T OpenTissue::math::big::details::hypot	(	T const &	a,
		T const &	b
	)			[inline]

Hypotenuse.

Parameters:

	a	A real value
	b	A real vlaue

Returns:

hypotenuse of real (non-complex) scalars a and b by avoiding underflow/overflow using (a * sqrt( 1 + (b/a) * (b/a))), rather than sqrt(a*a + b*b).

template<typename ME >

void OpenTissue::math::big::details::svd_impl1	(	ublas::matrix_expression< ME > const &	AE,
		ublas::matrix< typename ME::value_type > &	U,
		ublas::vector< typename ME::value_type > &	s,
		ublas::matrix< typename ME::value_type > &	V
	)			[inline]

Compute Singular Value Decomposition of a matrix.

A = U S VT

For an m-by-n matrix A with m >= n, the singular value decomposition is an m-by-n orthogonal matrix U, an n-by-n diagonal matrix S, and an n-by-n orthogonal matrix V so that A = U*S*V'.

The singular values, sigma(k) = S(k,k), are ordered so that sigma(0) >= sigma(1) >= ... >= sigma(n-1).
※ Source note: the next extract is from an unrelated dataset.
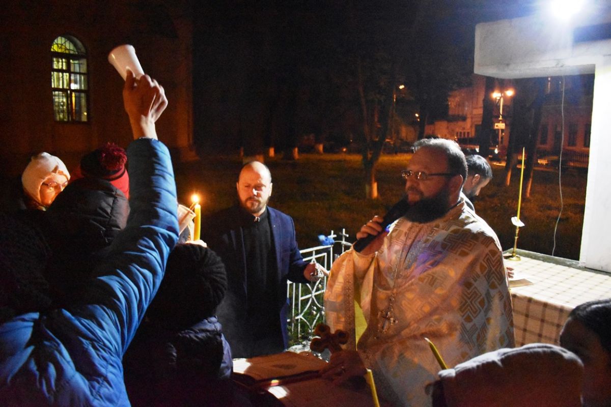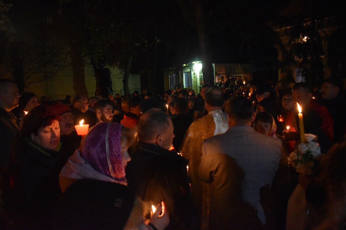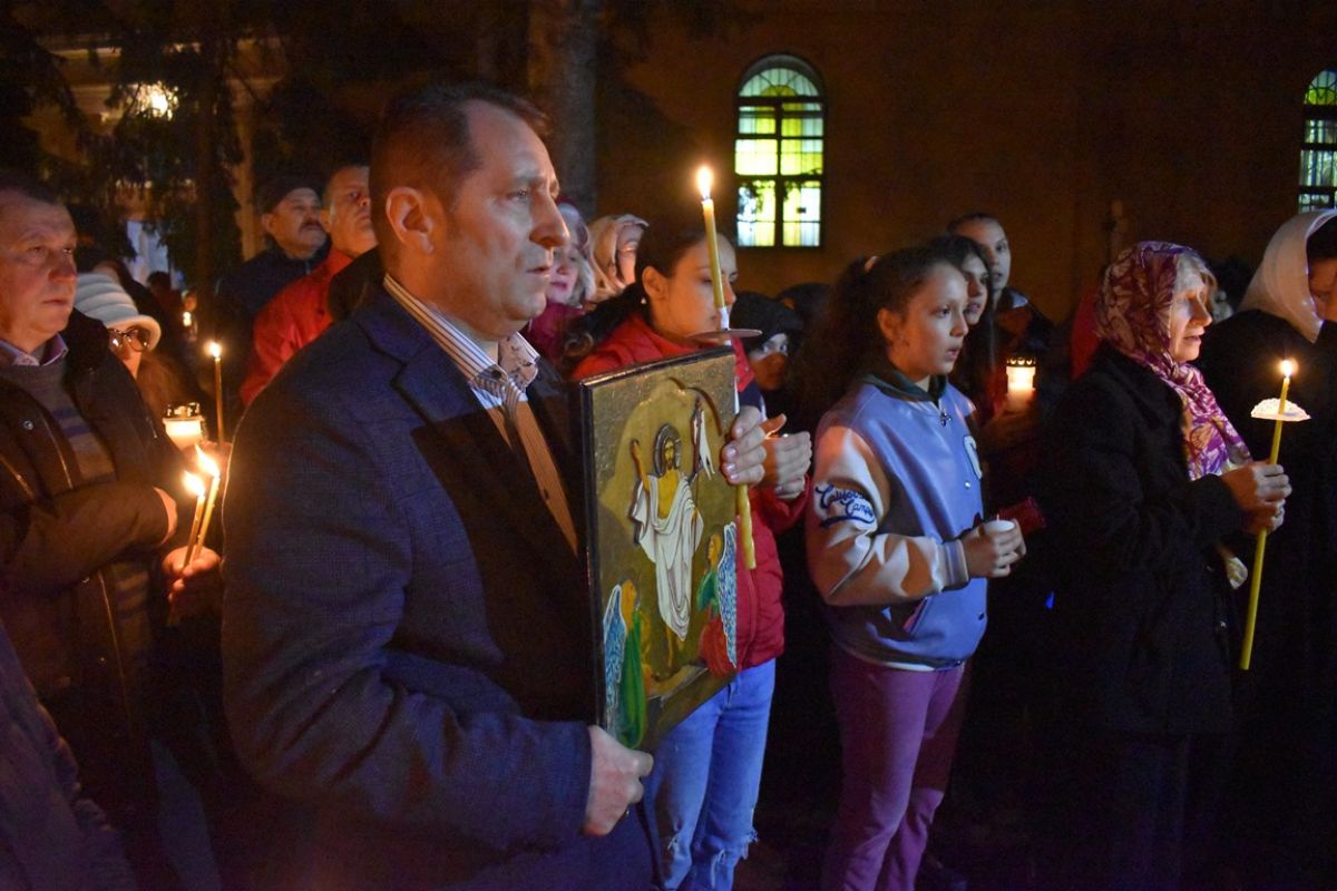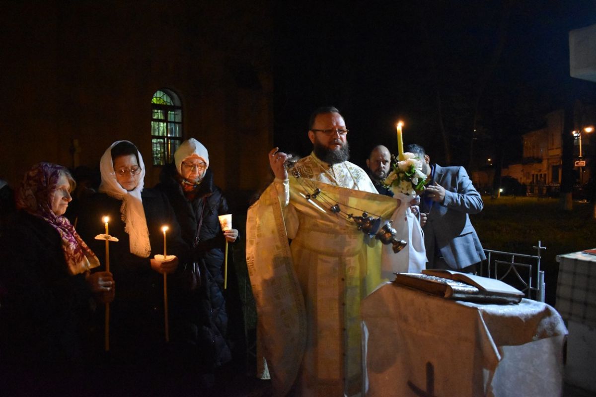 ”Hristos a Înviat”! a vestit părintele Cristian Buhaciuc, iar credincioșii din curte i-au răspuns într-un glas: ”Adevărat a Înviat!”

The singular value decompostion always exists, so the constructor will never fail. The matrix condition number and the effective numerical rank can be computed from this decomposition.
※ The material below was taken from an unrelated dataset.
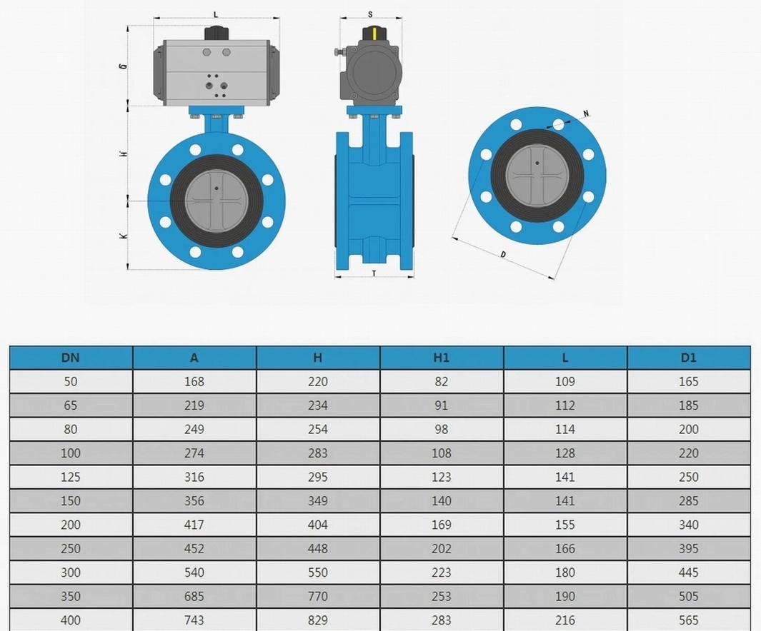 進口氣動中線法蘭蝶閥技術參數:

(Adapted from JAMA, a Java Matrix Library, developed by jointly by the Mathworks and NIST; see http://math.nist.gov/javanumerics/jama).

Parameters:

	AE	The input matrix.
	U	Upon return this matrix holds orthogonal columns.
	s	A vector containing the singular values.
	V	Upon return this matrix is an orthogonal matrix.

template<typename ME >

void OpenTissue::math::big::details::svd_impl_atlas	(	ublas::matrix_expression< ME > const &	A,
		ublas::matrix< typename ME::value_type, ublas::column_major > &	U,
		ublas::vector< typename ME::value_type > &	s,
		ublas::matrix< typename ME::value_type, ublas::column_major > &	VT
	)			[inline]

Compute Singular Value Decomposition of a matrix.

A = U S VT

Parameters:

	A	The matrix.
	U	Upon return this matrix holds orthogonal columns.
	s	A vector containing the singular values.
	VT	Upon return this matrix is an orthogonal matrix.